(Dataset extract):
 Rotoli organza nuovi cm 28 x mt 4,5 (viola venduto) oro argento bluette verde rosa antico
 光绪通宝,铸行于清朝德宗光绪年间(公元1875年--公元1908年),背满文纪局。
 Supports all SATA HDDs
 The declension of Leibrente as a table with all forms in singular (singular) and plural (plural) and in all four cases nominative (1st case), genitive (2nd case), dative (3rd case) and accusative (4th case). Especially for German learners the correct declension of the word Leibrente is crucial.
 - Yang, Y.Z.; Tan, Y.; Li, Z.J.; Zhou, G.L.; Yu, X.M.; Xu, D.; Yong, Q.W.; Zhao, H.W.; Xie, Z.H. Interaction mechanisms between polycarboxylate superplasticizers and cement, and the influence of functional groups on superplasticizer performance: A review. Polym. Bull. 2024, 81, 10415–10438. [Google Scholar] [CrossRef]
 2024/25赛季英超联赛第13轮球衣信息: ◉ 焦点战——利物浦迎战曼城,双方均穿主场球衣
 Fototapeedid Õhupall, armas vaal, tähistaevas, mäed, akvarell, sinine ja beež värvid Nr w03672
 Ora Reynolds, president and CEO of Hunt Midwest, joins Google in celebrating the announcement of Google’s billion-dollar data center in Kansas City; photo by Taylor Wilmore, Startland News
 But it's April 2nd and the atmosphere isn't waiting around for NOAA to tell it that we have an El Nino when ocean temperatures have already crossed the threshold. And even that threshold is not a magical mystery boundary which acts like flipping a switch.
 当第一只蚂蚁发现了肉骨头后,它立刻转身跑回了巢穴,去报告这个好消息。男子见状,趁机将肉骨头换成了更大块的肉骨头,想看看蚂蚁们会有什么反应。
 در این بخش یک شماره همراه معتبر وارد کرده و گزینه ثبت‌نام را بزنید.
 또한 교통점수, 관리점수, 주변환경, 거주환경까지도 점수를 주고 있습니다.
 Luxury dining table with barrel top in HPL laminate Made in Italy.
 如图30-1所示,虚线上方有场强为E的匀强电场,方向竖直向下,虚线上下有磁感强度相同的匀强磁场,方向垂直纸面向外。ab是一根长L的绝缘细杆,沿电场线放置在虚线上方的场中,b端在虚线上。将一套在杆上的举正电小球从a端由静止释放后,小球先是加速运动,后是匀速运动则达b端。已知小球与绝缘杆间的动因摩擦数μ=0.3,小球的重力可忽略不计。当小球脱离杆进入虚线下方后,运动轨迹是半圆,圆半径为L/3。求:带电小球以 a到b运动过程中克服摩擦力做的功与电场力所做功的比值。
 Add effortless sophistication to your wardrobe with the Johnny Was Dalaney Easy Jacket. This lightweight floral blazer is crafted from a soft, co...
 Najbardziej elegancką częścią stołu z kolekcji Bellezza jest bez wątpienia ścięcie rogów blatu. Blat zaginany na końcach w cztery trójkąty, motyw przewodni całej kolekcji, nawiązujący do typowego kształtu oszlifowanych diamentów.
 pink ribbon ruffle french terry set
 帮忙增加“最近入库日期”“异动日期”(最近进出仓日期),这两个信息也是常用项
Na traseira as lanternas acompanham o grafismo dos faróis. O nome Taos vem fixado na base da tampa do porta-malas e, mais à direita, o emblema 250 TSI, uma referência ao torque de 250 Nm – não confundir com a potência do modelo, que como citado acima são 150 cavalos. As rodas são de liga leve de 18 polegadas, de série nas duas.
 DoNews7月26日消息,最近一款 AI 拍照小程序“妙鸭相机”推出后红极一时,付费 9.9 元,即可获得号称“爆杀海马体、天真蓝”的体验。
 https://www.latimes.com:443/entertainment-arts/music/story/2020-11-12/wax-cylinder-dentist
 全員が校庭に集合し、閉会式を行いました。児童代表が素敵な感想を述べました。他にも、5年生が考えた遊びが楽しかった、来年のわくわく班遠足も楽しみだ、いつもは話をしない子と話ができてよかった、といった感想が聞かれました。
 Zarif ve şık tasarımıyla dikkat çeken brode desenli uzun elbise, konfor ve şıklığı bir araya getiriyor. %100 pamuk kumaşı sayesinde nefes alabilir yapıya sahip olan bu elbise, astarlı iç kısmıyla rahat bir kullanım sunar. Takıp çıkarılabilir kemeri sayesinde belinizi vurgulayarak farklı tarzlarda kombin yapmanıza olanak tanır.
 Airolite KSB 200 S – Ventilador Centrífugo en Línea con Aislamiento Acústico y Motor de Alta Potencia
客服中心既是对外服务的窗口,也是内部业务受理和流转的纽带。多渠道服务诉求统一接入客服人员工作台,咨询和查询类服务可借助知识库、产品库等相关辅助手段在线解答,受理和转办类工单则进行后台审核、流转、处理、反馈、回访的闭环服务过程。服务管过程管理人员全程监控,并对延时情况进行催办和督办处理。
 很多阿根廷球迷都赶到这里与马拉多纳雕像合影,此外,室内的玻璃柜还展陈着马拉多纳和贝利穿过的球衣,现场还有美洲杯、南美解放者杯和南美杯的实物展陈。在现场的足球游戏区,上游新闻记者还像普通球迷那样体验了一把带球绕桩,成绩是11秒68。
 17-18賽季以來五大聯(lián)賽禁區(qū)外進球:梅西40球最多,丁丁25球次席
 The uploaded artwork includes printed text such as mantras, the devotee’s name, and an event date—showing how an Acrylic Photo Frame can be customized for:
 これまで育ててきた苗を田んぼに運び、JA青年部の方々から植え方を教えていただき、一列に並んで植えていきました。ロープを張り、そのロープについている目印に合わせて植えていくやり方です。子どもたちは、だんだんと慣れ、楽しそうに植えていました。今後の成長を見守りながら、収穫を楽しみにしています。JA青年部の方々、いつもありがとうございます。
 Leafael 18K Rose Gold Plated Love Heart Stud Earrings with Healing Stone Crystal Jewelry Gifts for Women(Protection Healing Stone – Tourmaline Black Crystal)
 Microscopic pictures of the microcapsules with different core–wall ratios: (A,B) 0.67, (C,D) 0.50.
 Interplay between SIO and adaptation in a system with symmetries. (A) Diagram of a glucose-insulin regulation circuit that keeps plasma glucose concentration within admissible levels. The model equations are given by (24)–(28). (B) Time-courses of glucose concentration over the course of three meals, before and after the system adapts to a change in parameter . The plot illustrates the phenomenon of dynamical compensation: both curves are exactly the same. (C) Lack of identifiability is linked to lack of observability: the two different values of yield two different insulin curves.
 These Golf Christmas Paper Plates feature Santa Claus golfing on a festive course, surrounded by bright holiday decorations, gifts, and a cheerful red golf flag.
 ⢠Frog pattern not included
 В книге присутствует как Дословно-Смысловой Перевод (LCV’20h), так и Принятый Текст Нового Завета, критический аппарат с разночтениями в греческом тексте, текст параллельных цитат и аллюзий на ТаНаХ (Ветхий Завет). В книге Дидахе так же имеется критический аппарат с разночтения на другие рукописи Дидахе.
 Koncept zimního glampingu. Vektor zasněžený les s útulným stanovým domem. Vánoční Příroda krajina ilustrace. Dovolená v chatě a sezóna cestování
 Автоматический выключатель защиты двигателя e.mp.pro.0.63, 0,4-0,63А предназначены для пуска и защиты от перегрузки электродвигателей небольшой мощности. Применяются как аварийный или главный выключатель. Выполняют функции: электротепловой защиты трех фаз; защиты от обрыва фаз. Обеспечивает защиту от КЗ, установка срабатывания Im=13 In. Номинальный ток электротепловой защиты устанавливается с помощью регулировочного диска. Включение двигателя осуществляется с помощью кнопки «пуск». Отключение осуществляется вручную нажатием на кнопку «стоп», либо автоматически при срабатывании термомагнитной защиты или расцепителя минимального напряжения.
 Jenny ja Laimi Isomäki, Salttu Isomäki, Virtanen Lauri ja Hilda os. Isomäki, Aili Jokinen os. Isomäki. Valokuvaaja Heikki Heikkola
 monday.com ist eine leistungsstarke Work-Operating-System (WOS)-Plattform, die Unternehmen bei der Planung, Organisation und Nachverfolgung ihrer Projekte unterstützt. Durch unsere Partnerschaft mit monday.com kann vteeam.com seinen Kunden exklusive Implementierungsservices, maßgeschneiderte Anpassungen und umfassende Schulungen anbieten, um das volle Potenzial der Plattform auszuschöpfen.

(What you need to do): After checking the entries, state how many lines contain "course", and write nothing but the number.

(Output): 2